Replacement for a former bungalow that was a long-term family home…


  • Replacement for the former bungalow, where the family had lived for 20 years at Warborough, near Didcot, Oxfordshire.


  • The site lies on the edge of a Conservation Area and within a residential area.
  • Height was restricted to match neighbouring buildings.
  • The four bed house is very large and provides 377sqm / 4050sqft of space.
  • The external appearance features a reconstituted stone plinth with a cedar clad upper storey. The pitched roofs are slate, flat roofs are polyroof, some with sedum covering.
  • Because of the clay subsoil base and two willow trees in the garden, the house sits on piled foundations. The ground floors are beam and block and the first floor uses a precast concrete plank system. This allowed high levels of insulation, and a thermal mass at ground and first floor onto which the underfloor heating system is laid.
  • Walls are stone outer leaf, full fill cavity and block work inner leaf with powder coated aluminium windows.
  • Windows were budgeted at £25,000, but the lowest tender came back at £40,000. There were many delays, including waiting for all window spaces to be built and measured before manufacture commenced, and some damage having to be made good by the manufacturer in Germany.
  • Insulation levels for all sections of the building were 25% higher than the requirements of Building Regulations.
  • The building’s hot water and heat is from air source heat pumps. There were initial problems including getting the correct thermostat to tally up with the correct room, and fans freezing when severe snow blew into the air source heat pump intake – all since rectified and the system is now running well.
  • Some rainwater is harvested for use in the garden, cloakroom toilet and washing machine.
  • The main structure was built by a main contractor with the owner project managing subcontractors for finishes and kitchen.
  • The advantages are living sustainably and an improved lifestyle – the owners are very proud of their home.
  • The property benefits from lower running costs.
  • The layout enables disabled access, including a wider than average front door, steps with wider and deeper treads and lower risers, one step access to all rear gardens, parking close to front door and level access from car to house.

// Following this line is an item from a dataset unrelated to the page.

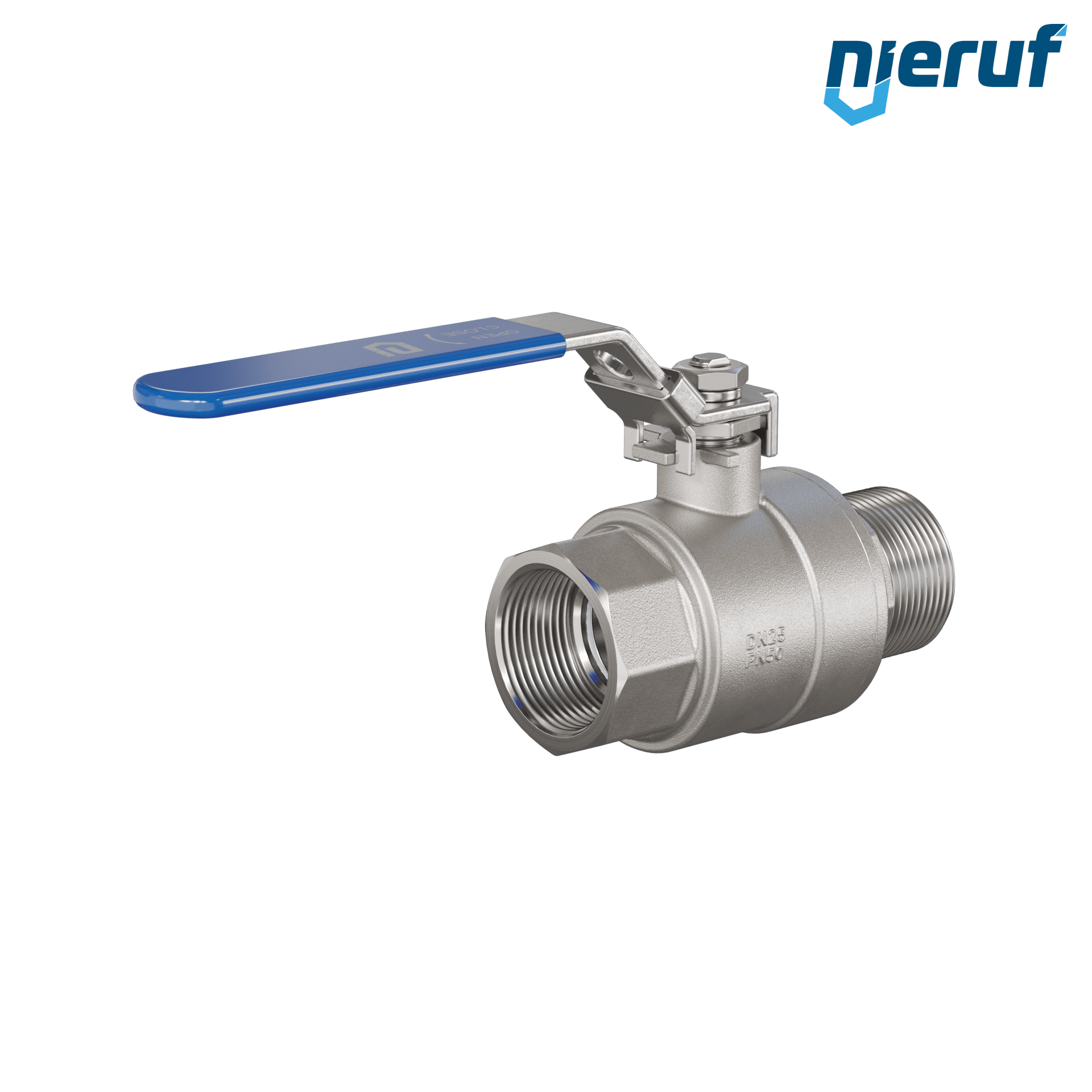This high quality ball valve is made of stainless steel. This two-piece ball valve hase a male and a female thread connection.

  • The plot was already owned. Typical plots in the area would have cost over £250,000.
  • The owner used the money from the sale of his company to fund the build.
  • Build costs were £625,000 (£1,650 per square metre).
  • The original budget was £450,000 but the house grew in size (costing an extra £15,000). The original gravelled driveway was changed to resin bonded (adding another £15,000). Kitchen and bathroom spec increased (an extra £27,000), and the kitchen supplier went bust taking £30,000 with him. A sauna was added at £4,000. All these, and many other extras, added £175,000, taking the budget up to £625,000.
  • The completed home is now valued at £1.5m.


  • 2008 – Planning permission granted.
  • May 2009 – Existing house demolished.
  • June – Aug 2009 – Foundations and ground floor.
  • Dec 2009 – Steelwork for upper floor, and pitched roof in place.
  • Jan – July 2010 – Windows and doors, from manufacture to installation.
  • July – Sep 2010 – Decoration and external works to completion.

Learning Points:

  • Thorough ground investigation is essential, as unexpected piling costs can be high.
  • Ensure you have very closely defined sub-contract packages – especially for windows and doors. Keep the design simple. Set deadlines with penalties in the contract and keep chasing the suppliers.
  • Either keep to your original budget and buy kitchens/sanitary ware/floor finishes to suit, or have more money available to exceed the original spec.
  • Allow time for all the final snagging items.